Image: Ignacio B. Peña
I am losing track of time.
For me, class has now been in full swing for about five weeks and I feel at this point like I’m spinning around faster every day, trying to keep track of every element that surrounds my life, to varying degrees of success. I’ll try and organize this here as best as I can, but this might get messy.
I have no context for masters programs outside of what my fellow contributors in their respective courses have described, but for a look, here is how my semester is breaking down. There are approximately close to thirty masters writing students in my group (something like twenty-four in prose, three in poetry.) The prose students are divided into three workshop groups where we submit a written piece of fiction every two weeks, so that half the workshop class submits a piece of writing one week, followed by the other half the next week. That’s every Tuesday.

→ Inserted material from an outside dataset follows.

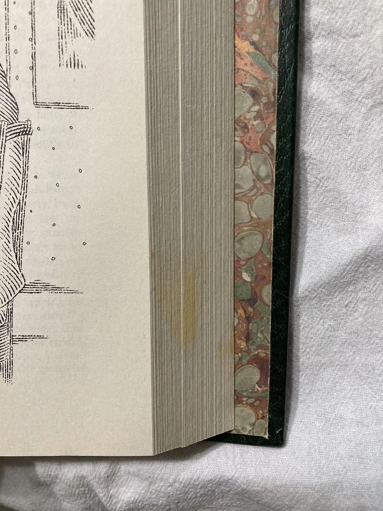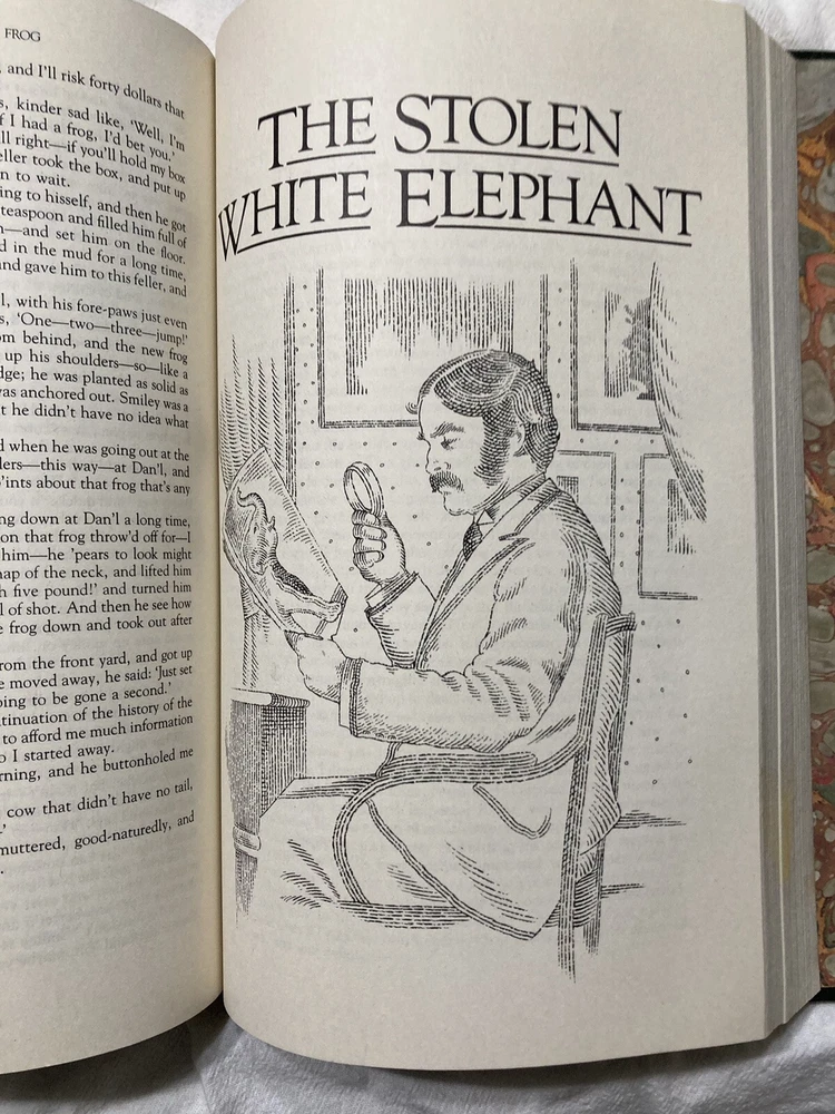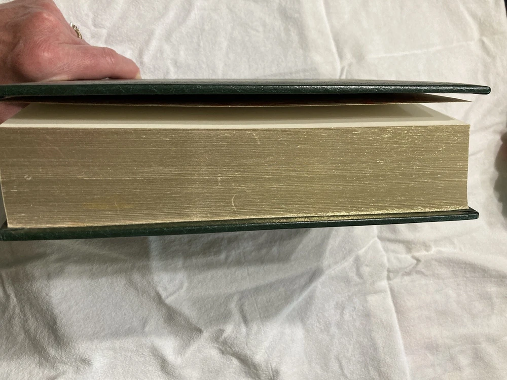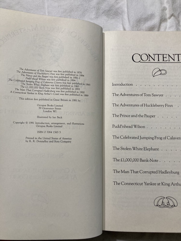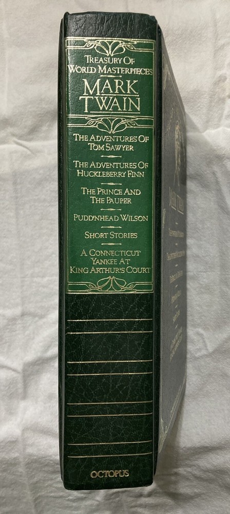 Treasury of World Masterpieces Mark Twain. The Adventures of Tom Sawyer, The Adventures of Huckleberry Finn, The Prince and the Pauper, Pudd'nhead Wilson, Short Stories, A Connecticut Yankee at King Arthur's Court. This beautiful book with it's gold leaf edges is in excellent condition. The binding is intact, the pages have no creases and no markings. I do not smell an odor. There is a slight stain on outer edge of pages, and sticker residue on the front cover. Please see photos.

Wednesday’s we have a class dedicated to reading novels at the program director’s discretion, where we explore different styles of prose and technique while discussing how successfully (or unsuccessfully) we feel the text worked as readers ourselves. We’re reading a novel a week, and the first few weeks they were relatively not too time consuming (Heart of Darkness, The Prime of Miss Jean Brodie.) As the year stretches on we’ve been told this changes, and I’m starting to feel it, although I also wonder if it’s an accumulation of many things. I’ll come back to that point shortly.
Thursdays are our seminar days. Each week we focus on a different element of fiction and discuss how this plays into our writing in different ways. Depending on which professor is giving the seminar that week, we do various forms of writing exercises in class dealing with the focus of the week. There are varying amounts of reading and writing that needs to be done in preparation for the seminars as well.
I was also accepted into a separate workshop that is held by the current writer-in-residence at the university. That workshop meets every fortnight on Wednesdays, and the focus in these sessions seem to be exploring more specific modes of storytelling; how an event in our lives can be communicated through evolving means in our world today, exploring ideas of internal and external storytelling through stories, poems, social media, etc. We’ve been discussing the idea of the unfiltered self versus what a writer (any writer, anyone with access to words) ultimately chooses to tell, and why. It’s fascinating.
Outside of this, there are really important moments that are keeping me level. Every odd Monday or so, one of my flatmates gets me out to a dance class. I sit in on the local film society’s committee meetings right before. Wednesdays I spend an hour and a half with a student-run magazine during their own workshop at a local cafe, where we discuss other student pieces. The Literature Society puts on discussions on specific genres in fiction, as well as other neat events, like slam poetry or outings to the movies and such (a trip to see Macbeth was absolutely justified.) There’s the odd night out with my own post-graduate workshop group. I still don’t have a part time job, though I’m trying to find one as soon as I can.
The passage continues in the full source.